Exercise prompt - Please transcribe the data exactly as shown, skipping the images.

(Collection entries)
======

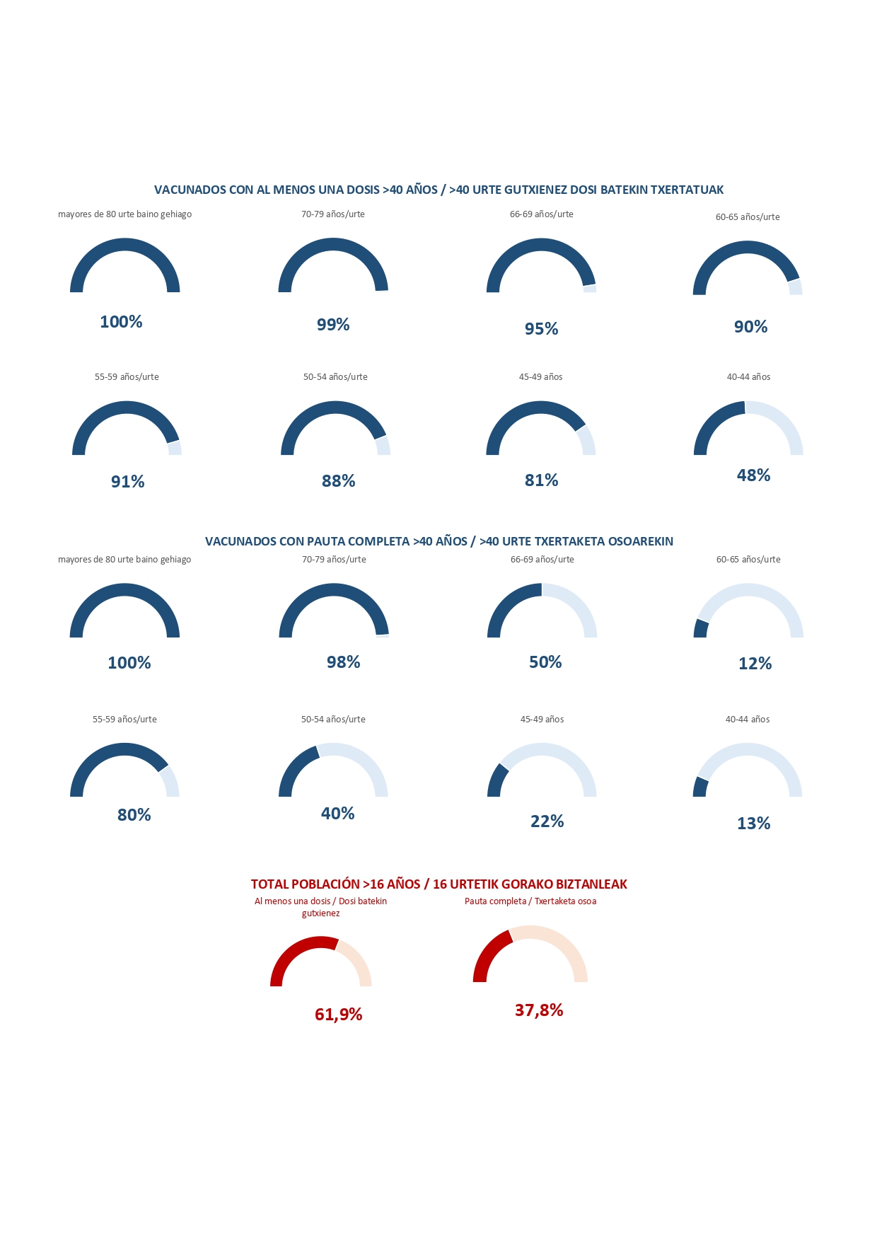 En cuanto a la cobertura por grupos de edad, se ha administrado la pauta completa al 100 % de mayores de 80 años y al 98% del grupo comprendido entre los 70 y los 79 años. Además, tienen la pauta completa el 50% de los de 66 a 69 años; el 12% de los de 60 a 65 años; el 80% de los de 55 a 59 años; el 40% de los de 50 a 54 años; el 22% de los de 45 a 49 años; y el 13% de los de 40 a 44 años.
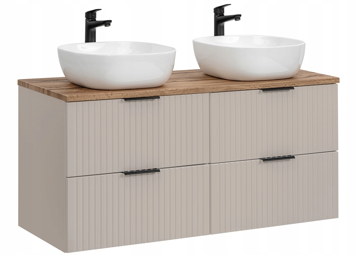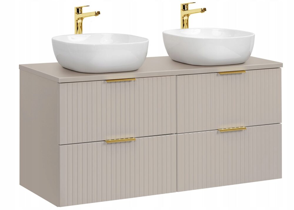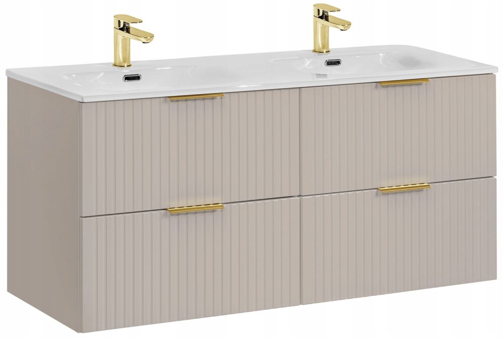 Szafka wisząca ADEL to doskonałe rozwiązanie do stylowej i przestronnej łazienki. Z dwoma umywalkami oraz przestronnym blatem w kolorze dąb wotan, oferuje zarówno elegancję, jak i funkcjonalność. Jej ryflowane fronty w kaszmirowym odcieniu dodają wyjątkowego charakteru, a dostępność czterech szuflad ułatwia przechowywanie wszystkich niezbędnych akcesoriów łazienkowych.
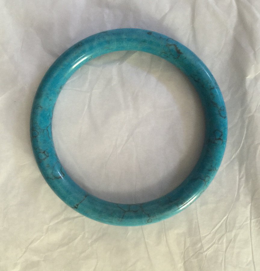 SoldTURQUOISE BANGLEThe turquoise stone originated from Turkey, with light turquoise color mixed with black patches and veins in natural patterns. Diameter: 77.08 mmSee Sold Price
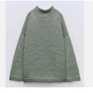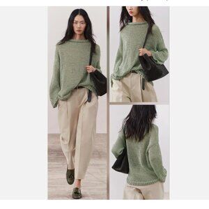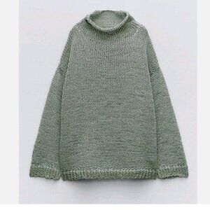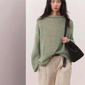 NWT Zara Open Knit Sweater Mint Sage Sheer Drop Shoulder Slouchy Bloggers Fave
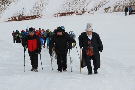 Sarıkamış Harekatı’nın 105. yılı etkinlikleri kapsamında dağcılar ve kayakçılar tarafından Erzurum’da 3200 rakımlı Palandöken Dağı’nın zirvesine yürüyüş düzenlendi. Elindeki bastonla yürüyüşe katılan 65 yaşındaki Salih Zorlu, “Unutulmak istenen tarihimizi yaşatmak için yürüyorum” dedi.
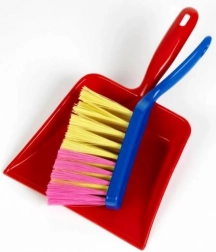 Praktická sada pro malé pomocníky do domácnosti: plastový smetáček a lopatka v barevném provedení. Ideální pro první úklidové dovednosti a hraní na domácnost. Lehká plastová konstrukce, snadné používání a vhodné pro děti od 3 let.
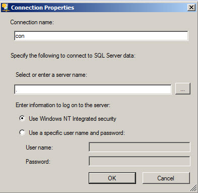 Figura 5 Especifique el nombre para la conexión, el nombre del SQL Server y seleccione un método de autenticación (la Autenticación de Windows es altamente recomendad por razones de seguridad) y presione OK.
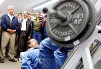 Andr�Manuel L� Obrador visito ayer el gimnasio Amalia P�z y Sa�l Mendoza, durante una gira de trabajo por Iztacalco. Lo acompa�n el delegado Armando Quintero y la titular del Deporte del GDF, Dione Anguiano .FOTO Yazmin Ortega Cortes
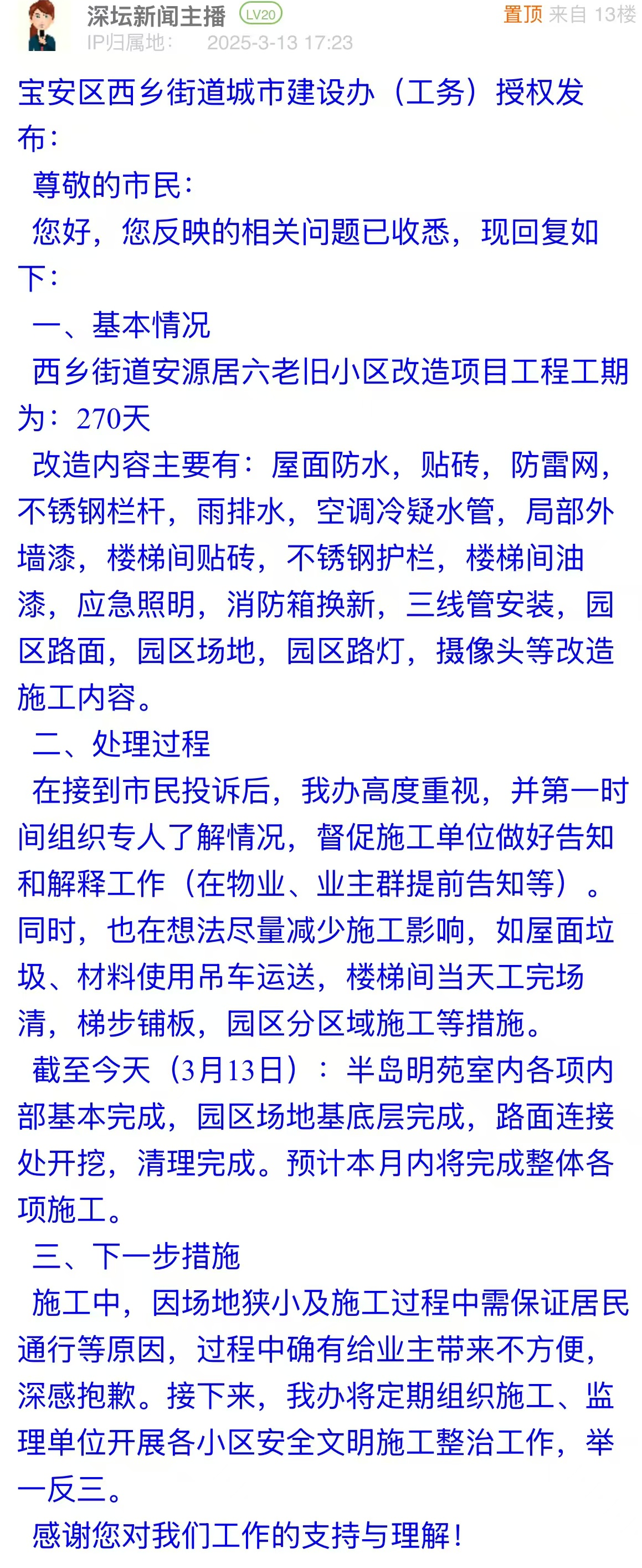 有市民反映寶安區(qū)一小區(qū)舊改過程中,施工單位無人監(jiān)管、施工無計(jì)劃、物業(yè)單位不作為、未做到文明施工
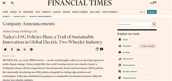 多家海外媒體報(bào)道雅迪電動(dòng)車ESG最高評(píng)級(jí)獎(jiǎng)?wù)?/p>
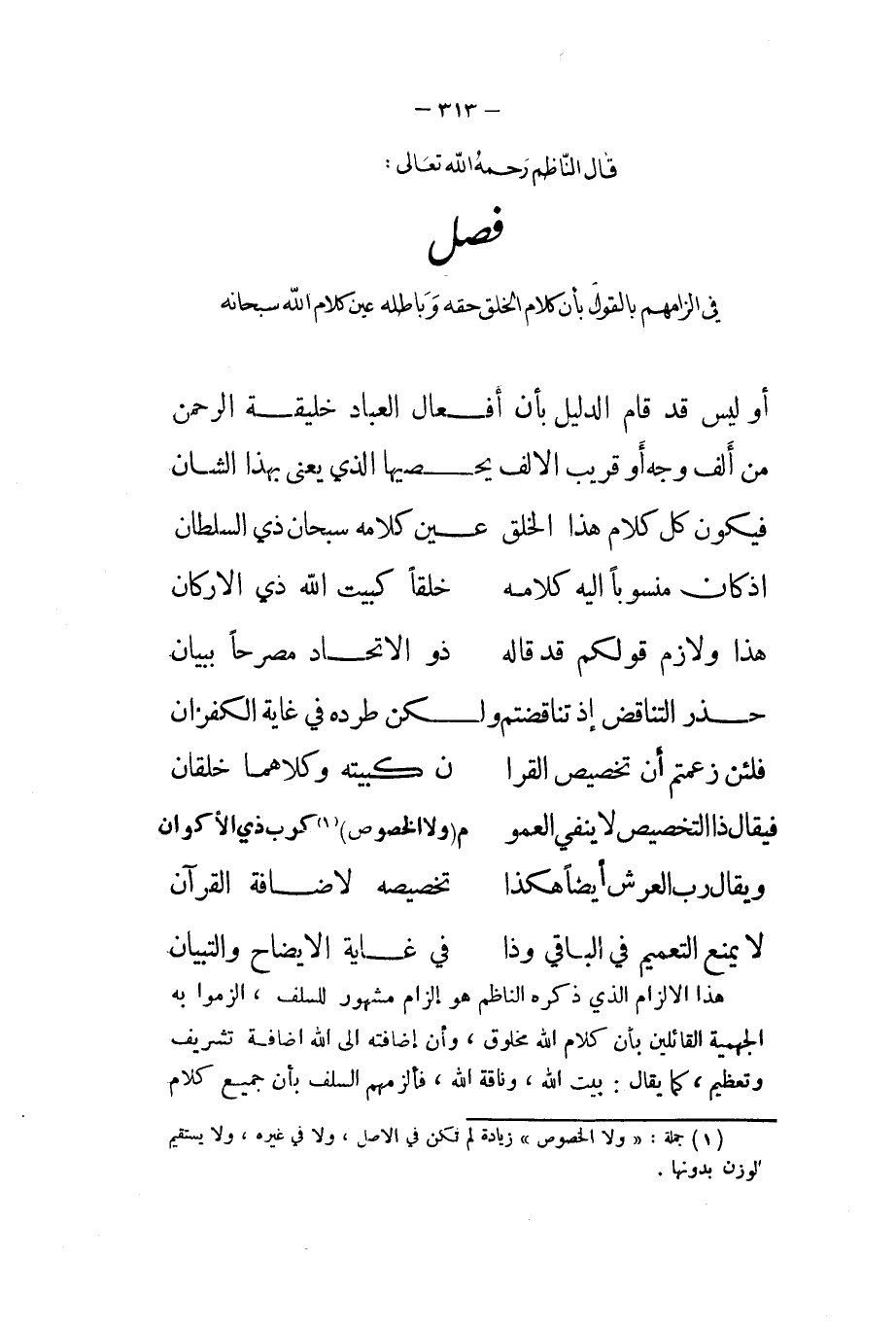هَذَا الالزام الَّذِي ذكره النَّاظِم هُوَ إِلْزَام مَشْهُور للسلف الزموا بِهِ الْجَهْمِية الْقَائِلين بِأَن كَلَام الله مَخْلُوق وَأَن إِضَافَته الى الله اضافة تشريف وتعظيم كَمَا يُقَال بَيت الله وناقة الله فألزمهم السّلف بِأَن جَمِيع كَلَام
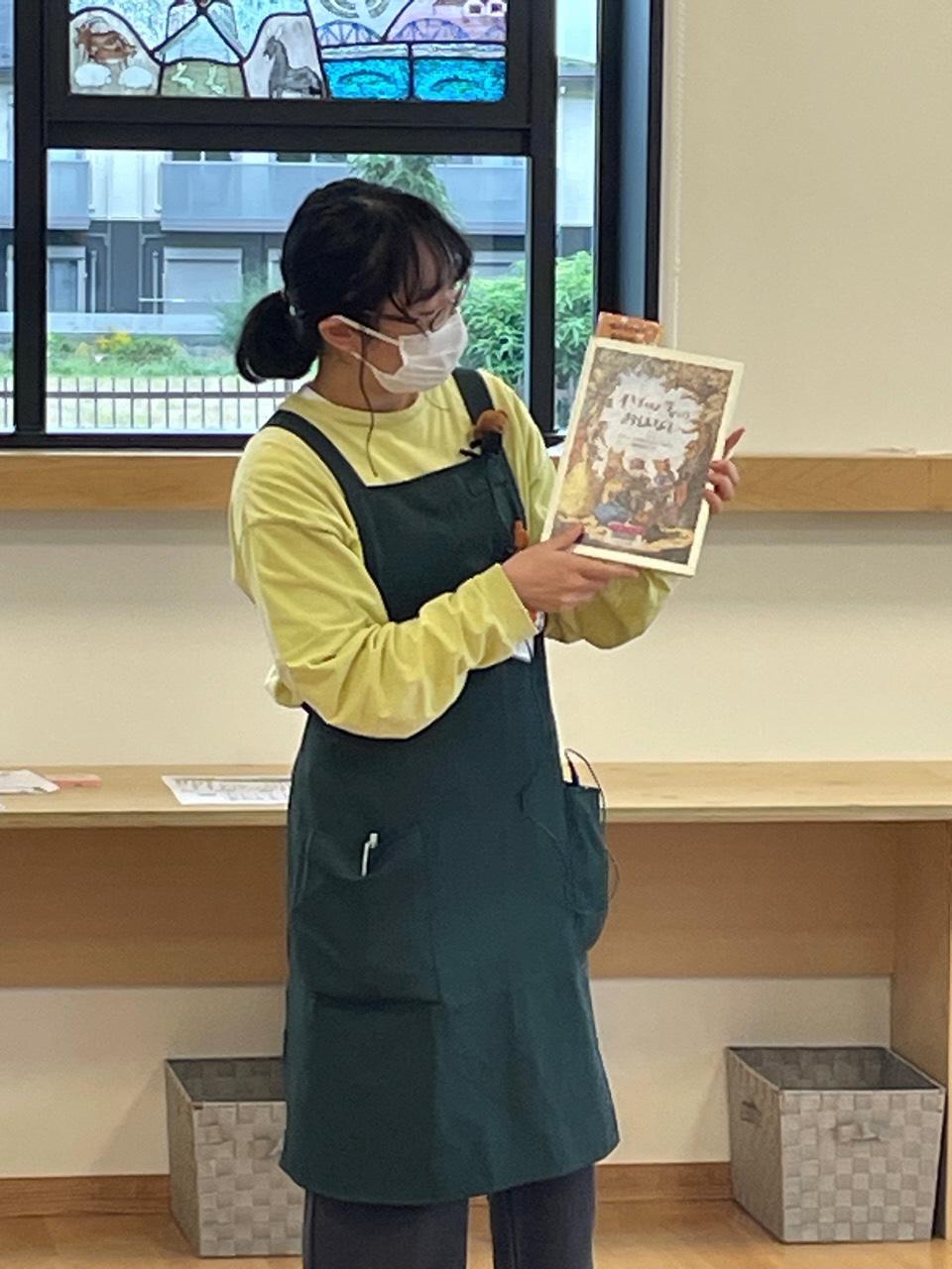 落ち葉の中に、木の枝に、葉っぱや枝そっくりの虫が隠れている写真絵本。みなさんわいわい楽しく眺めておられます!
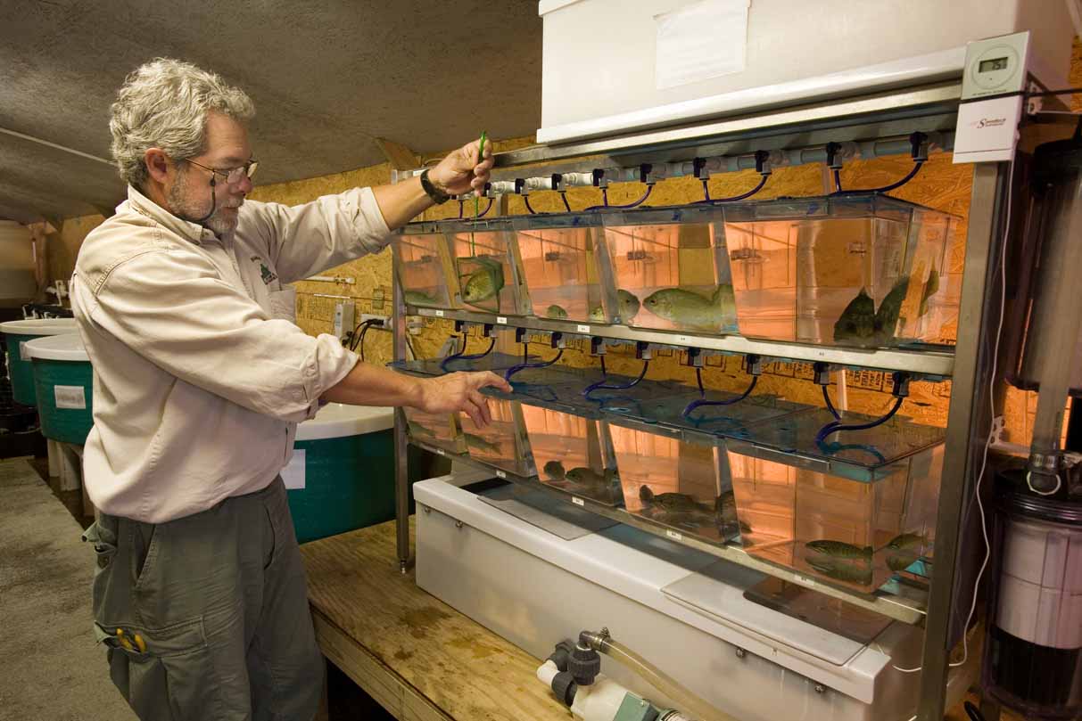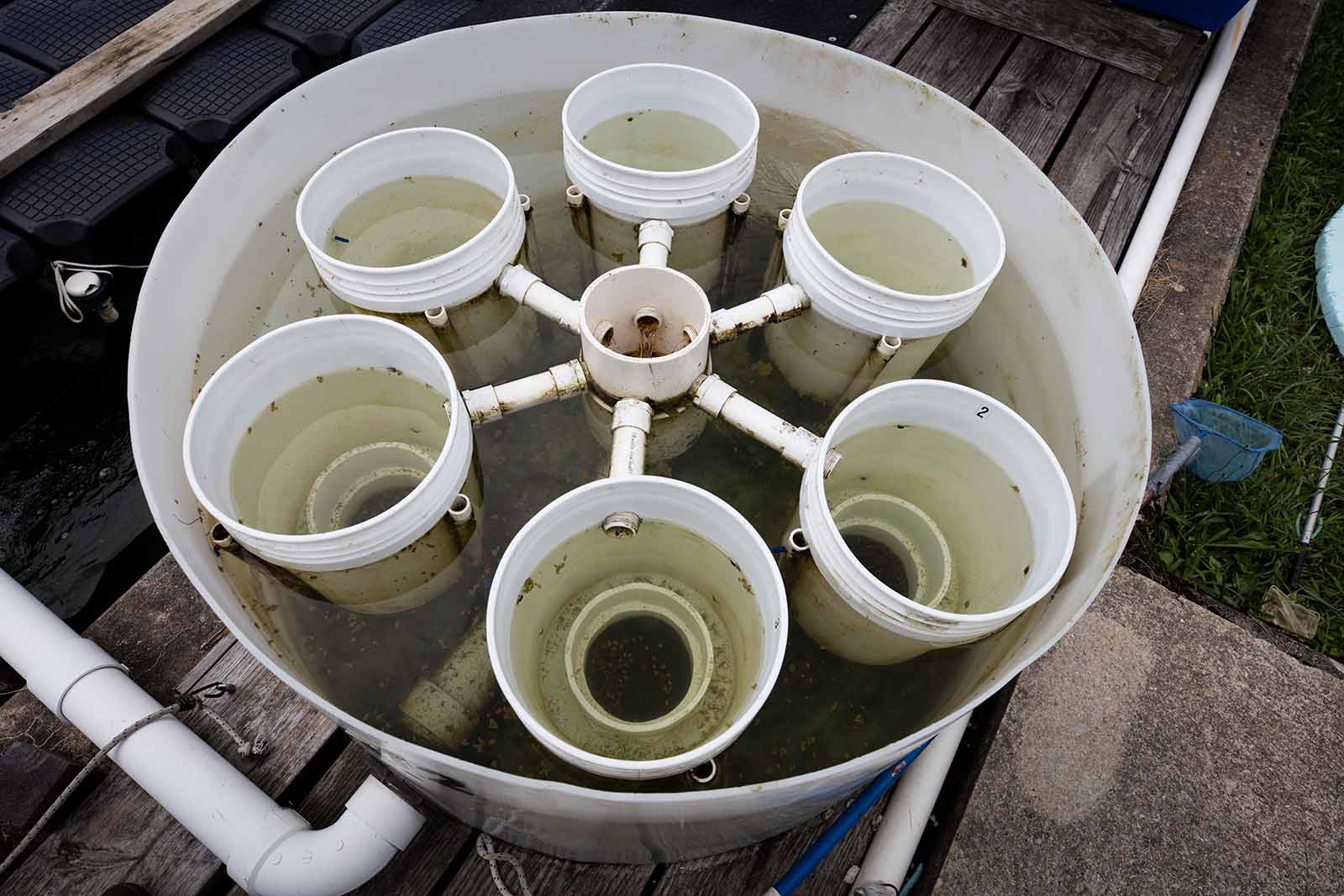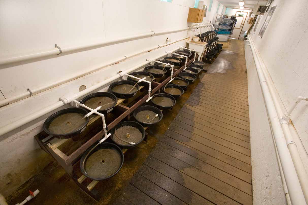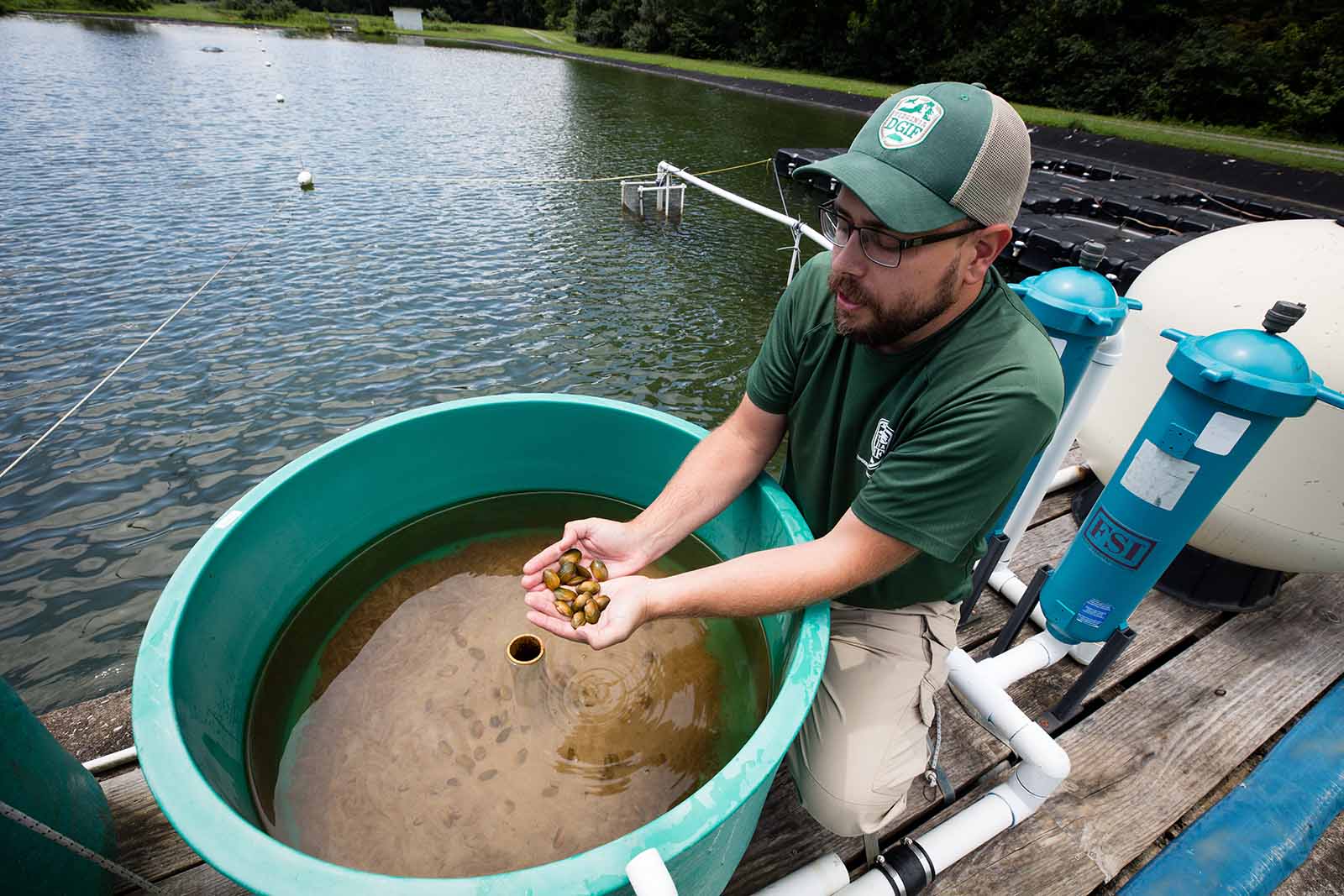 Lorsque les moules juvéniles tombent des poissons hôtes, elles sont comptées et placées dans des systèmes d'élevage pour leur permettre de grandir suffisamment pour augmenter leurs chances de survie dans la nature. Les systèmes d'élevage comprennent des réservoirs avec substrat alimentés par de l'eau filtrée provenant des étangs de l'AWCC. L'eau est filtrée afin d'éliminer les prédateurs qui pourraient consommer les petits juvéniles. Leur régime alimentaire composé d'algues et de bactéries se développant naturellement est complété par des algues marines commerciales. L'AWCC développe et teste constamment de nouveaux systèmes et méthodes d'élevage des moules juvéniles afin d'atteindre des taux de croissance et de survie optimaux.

======

Reply to the task -
 En cuanto a la cobertura por grupos de edad, se ha administrado la pauta completa al 100 % de mayores de 80 años y al 98% del grupo comprendido entre los 70 y los 79 años. Además, tienen la pauta completa el 50% de los de 66 a 69 años; el 12% de los de 60 a 65 años; el 80% de los de 55 a 59 años; el 40% de los de 50 a 54 años; el 22% de los de 45 a 49 años; y el 13% de los de 40 a 44 años.
 Szafka wisząca ADEL to doskonałe rozwiązanie do stylowej i przestronnej łazienki. Z dwoma umywalkami oraz przestronnym blatem w kolorze dąb wotan, oferuje zarówno elegancję, jak i funkcjonalność. Jej ryflowane fronty w kaszmirowym odcieniu dodają wyjątkowego charakteru, a dostępność czterech szuflad ułatwia przechowywanie wszystkich niezbędnych akcesoriów łazienkowych.
 SoldTURQUOISE BANGLEThe turquoise stone originated from Turkey, with light turquoise color mixed with black patches and veins in natural patterns. Diameter: 77.08 mmSee Sold Price
 NWT Zara Open Knit Sweater Mint Sage Sheer Drop Shoulder Slouchy Bloggers Fave
 Sarıkamış Harekatı’nın 105. yılı etkinlikleri kapsamında dağcılar ve kayakçılar tarafından Erzurum’da 3200 rakımlı Palandöken Dağı’nın zirvesine yürüyüş düzenlendi. Elindeki bastonla yürüyüşe katılan 65 yaşındaki Salih Zorlu, “Unutulmak istenen tarihimizi yaşatmak için yürüyorum” dedi.
 Praktická sada pro malé pomocníky do domácnosti: plastový smetáček a lopatka v barevném provedení. Ideální pro první úklidové dovednosti a hraní na domácnost. Lehká plastová konstrukce, snadné používání a vhodné pro děti od 3 let.
 Figura 5 Especifique el nombre para la conexión, el nombre del SQL Server y seleccione un método de autenticación (la Autenticación de Windows es altamente recomendad por razones de seguridad) y presione OK.
 Andr�Manuel L� Obrador visito ayer el gimnasio Amalia P�z y Sa�l Mendoza, durante una gira de trabajo por Iztacalco. Lo acompa�n el delegado Armando Quintero y la titular del Deporte del GDF, Dione Anguiano .FOTO Yazmin Ortega Cortes
 有市民反映寶安區(qū)一小區(qū)舊改過程中,施工單位無人監(jiān)管、施工無計(jì)劃、物業(yè)單位不作為、未做到文明施工
 多家海外媒體報(bào)道雅迪電動(dòng)車ESG最高評(píng)級(jí)獎(jiǎng)?wù)?/p>
هَذَا الالزام الَّذِي ذكره النَّاظِم هُوَ إِلْزَام مَشْهُور للسلف الزموا بِهِ الْجَهْمِية الْقَائِلين بِأَن كَلَام الله مَخْلُوق وَأَن إِضَافَته الى الله اضافة تشريف وتعظيم كَمَا يُقَال بَيت الله وناقة الله فألزمهم السّلف بِأَن جَمِيع كَلَام
 落ち葉の中に、木の枝に、葉っぱや枝そっくりの虫が隠れている写真絵本。みなさんわいわい楽しく眺めておられます!
 Lorsque les moules juvéniles tombent des poissons hôtes, elles sont comptées et placées dans des systèmes d'élevage pour leur permettre de grandir suffisamment pour augmenter leurs chances de survie dans la nature. Les systèmes d'élevage comprennent des réservoirs avec substrat alimentés par de l'eau filtrée provenant des étangs de l'AWCC. L'eau est filtrée afin d'éliminer les prédateurs qui pourraient consommer les petits juvéniles. Leur régime alimentaire composé d'algues et de bactéries se développant naturellement est complété par des algues marines commerciales. L'AWCC développe et teste constamment de nouveaux systèmes et méthodes d'élevage des moules juvéniles afin d'atteindre des taux de croissance et de survie optimaux.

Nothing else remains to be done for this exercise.